This creates the application framework.

  1. Under Retrievers, select Use native retriever.
  2. Under Index provisioning, select Starter for a basic, low-cost retriever.
  3. Choose Next.

Next, we need to configure a data source. For this example, we use Amazon S3 and assume that you have already created a bucket and uploaded documents to it (for more information, see Step 1: Create your first S3 bucket). For this example, we have uploaded some public domain documents from the Federal Aviation Administration (FAA) technical library relating to software, system standards, instrument flight rating, aircraft construction and maintenance, and more.

  1. For Data sources, choose Amazon S3 to point our RAG assistant to this S3 bucket.

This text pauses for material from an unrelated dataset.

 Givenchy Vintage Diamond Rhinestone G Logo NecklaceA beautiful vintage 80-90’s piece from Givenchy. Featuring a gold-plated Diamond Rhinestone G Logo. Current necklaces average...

  1. For Data source name, enter a name for your data source (independent of the S3 bucket name, such as my-faa-docs).
  2. Under IAM role, choose Create new service role (Recommended).
  3. Under Sync scope, choose the S3 bucket where you uploaded your documents.
  4. Under Sync run schedule, choose Run on demand (or another option, if you want your documents to be re-indexed on a set schedule).
  5. Choose Add data source.
  6. Leave the remaining settings as default and choose Next to finish adding your Amazon S3 data source.

Finally, we need to create user access permissions to our chatbot.

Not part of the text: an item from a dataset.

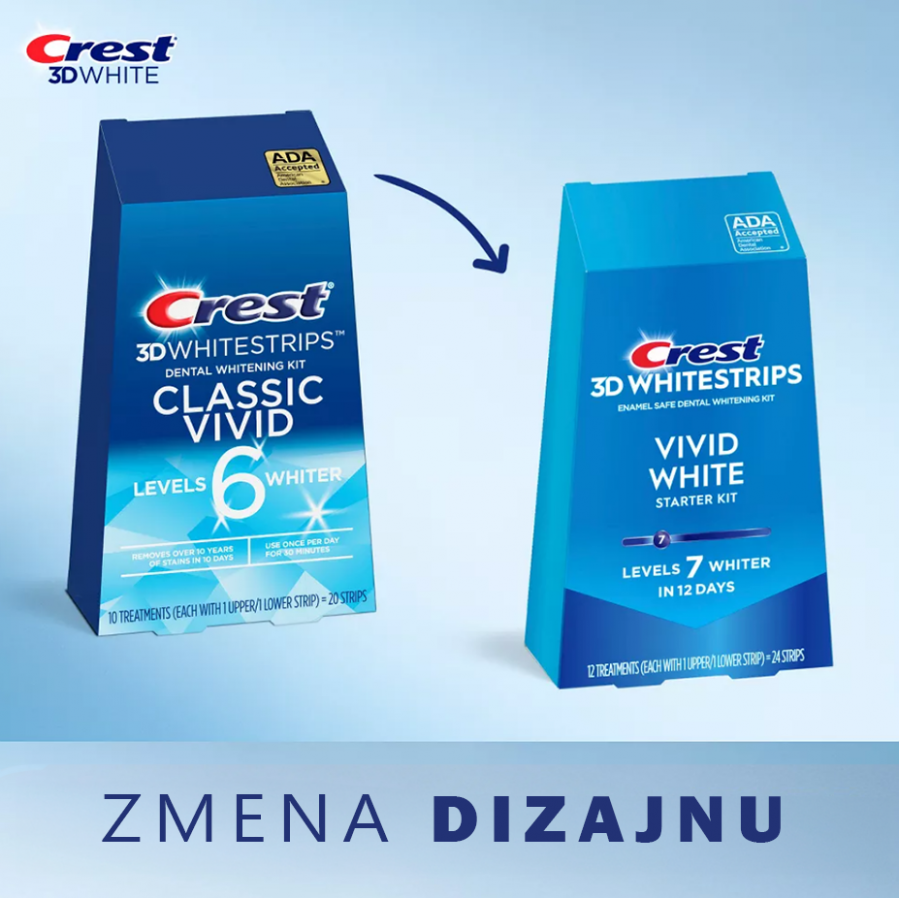 Bieliace pásiky Crest 3D Whitestrips VIVID WHITE predstavujú základný stupeň bielenia zubov od značky Crest. Po ich použití budete mať zuby viditeľne belšie. Niektorým ľuďom môžu vybieliť zuby na skutočne snehovobielu farbu, ale niektorým len na základný nižší stupeň bielenia, keďže sú to slabšie pásiky ako ostatné z rady Crest 3D White. Cenovo sa však naozaj oplatia, pretože za takúto cenu, a dokonca aj za vyššiu, sa bežne na slovenskom trhu predávajú úplne neúčinné produkty.

  1. Under Add groups and users, choose Add groups and users.
  2. In the popup that appears, you can choose to either create new users or select existing ones. If you want to use an existing user, you can skip the following steps:
    • Select Add new users, then choose Next.
    • Enter the new user information, including a valid email address.

An email will be sent to that address with a link to validate that user.

  1. Now that you have a user, select Assign existing users and groups and choose Next.
  2. Choose your user, then choose Assign.

You should now have a user assigned to your new chatbot application.

  1. Under Web experience service access, select Create and use a new service role.
  2. Choose Create application.

You now have a new generative AI application! Before the chatbot can answer your questions, you have to run the indexer on your documents at least one time.

  1. On the Applications page, choose your application.

  1. Select your data source and choose Sync now.

The synchronization process takes a few minutes to complete.

  1. When the sync is complete, on the Web experience settings tab, choose the link under Deployed URL.

If you haven’t yet, you will be prompted to log in using the user credentials you created; use the email address as the user name.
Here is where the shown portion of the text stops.